The point, then, is not that you shouldn't be angry in argument; on the contrary, anger is a vital part of the rhetorician's instincts and skills. Moreover, if it's not something that gets you angry on some level, it's not worth arguing about. Rather, the point is to learn to cultivate and refine your sense of anger, so that you may use it effectively. To the extent that rudeness offers an excuse not to listen, yes, tact is necessary, but do not mistake this for meek politeness; it is not about asking them nicely to agree with you because you said please, but about maneuvering past their defences with ruthless precision so that the full force of your logical argument will strike home.

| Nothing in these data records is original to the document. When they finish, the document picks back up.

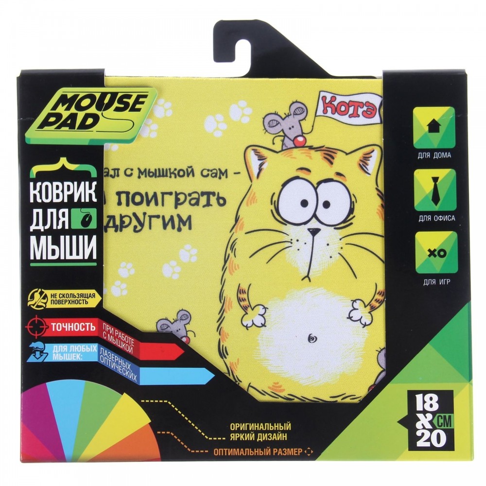 КОТЭ Коврик для мышки «Поиграл с мышкой сам - дай поиграть другим»В данный момент этот товар отсутствует в продаже. Возможно, у нас найдется аналогичный или похожий товар здесь. Коврик для мышки «Поиграл с мышкой сам — дай поиграть другим « — функциональный и яркий аксессуар для вашего стола, который сохраняет поверхность столешницы гладкой и защищает её от царапин. Он обеспечивает точность в работе с мышкой и делает перемещение курсора более динамичным. Оптимальный размер подходит для работы и, конечно же, для игр. |
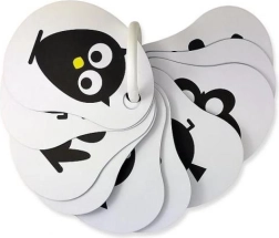 Zahvaljujući plastičnom prstenu kartice ostaju na okupu, lako se prenose i beba ih može sigurno uhvatiti. Nježan, ali izdržljiv papir ugodan je u ruci i odolijeva čestom razgledavanju. Igra je nastala uz stručnu garanciju psihologinje s Varšavskog sveučilišta, Aleksandre Petrovske, te pripada popularnoj seriji Sovica mudrica.
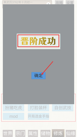 4、看到【晋阶成功】提示后,点击【确定】关闭弹窗,返回界面查看晋阶后属性提升,为后续修炼做准备。
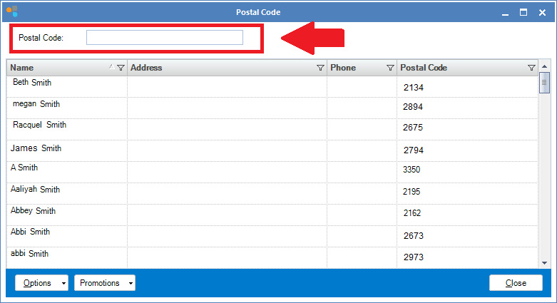 Step 2: The Postal Code window will open. Type in the postal code in the Postal Code field to display all clients with that post code (according to the details in the client card).
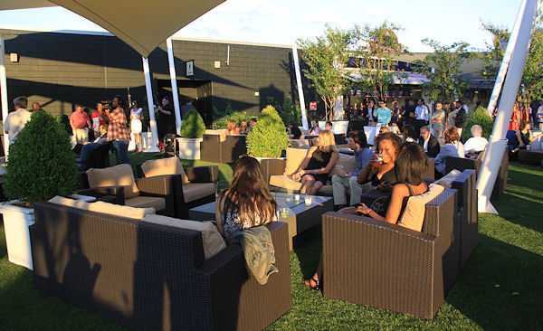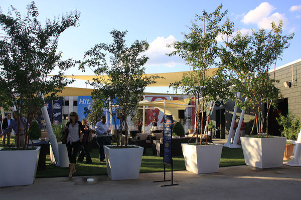 The seating area, with synthetic turf and some of the 15 trees brought to the space. (link)
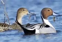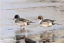 针尾鸭,是雁形目鸭科鸭属动物。体长约75厘米的大型戏水鸭,雄鸟头暗褐色,颈侧有白色纹路,向下与胸部白色相连,中央一对尾羽特别长;背灰色,有黑色细纹;翼镜绿色,胸腹白色,尾下覆羽黑色;雌鸟体羽大致为褐色,…全部>>
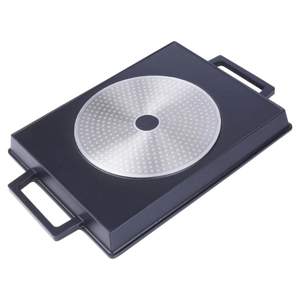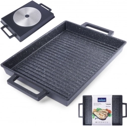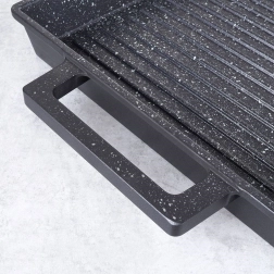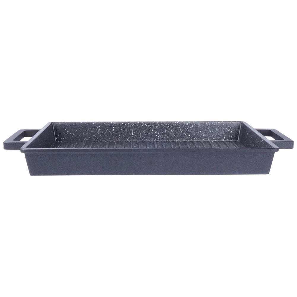 Placă de grătar universală din aluminiu, cu strat antiaderent de granit PFLUON GRANIT de înaltă calitate, asigură distribuție rapidă și uniformă a căldurii. Marginile înalte și mânerele laterale late ușurează manevrarea, iar suprafața striată creează un aspect grilat atrăgător și evacuează excesul de grăsime pentru o preparare mai sănătoasă a alimentelor.
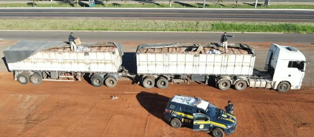 Uma carreta bitrem de nove eixos foi flagrada transportando 600 mil maços de cigarros do Paraguai. O flagrante foi nesta quinta-feira, 15, na BR-163 em Terra Roxa. Policiais rodoviários federais abordaram a carreta e questionaram o motorista sobre a carga. Ele disse que transportava milho, mas ficou nervoso quando os policiais pediram que retirasse a lona da carroceria para uma vistoria.

This is not tone policing. In fact, it's the key to defeat someone who attempts to tone-police you. Why does it make us angry when someone tells us to calm down and be polite? Because it's all kinds of hypocritical. Focus in on that hypocrisy, and bring it out for all to see just how ridiculous or infuriating or contemptible it really is. ("Really? You're so upset by my being upset that you can't listen to what I'm upset about?") By all means, let your anger show enough to give context and to make your argument relatable, but do not let your anger be the argument.
When you do that, you're likely to fall into the trap of thinking greater anger makes for greater argument, but the very angriest people are often the most wrong.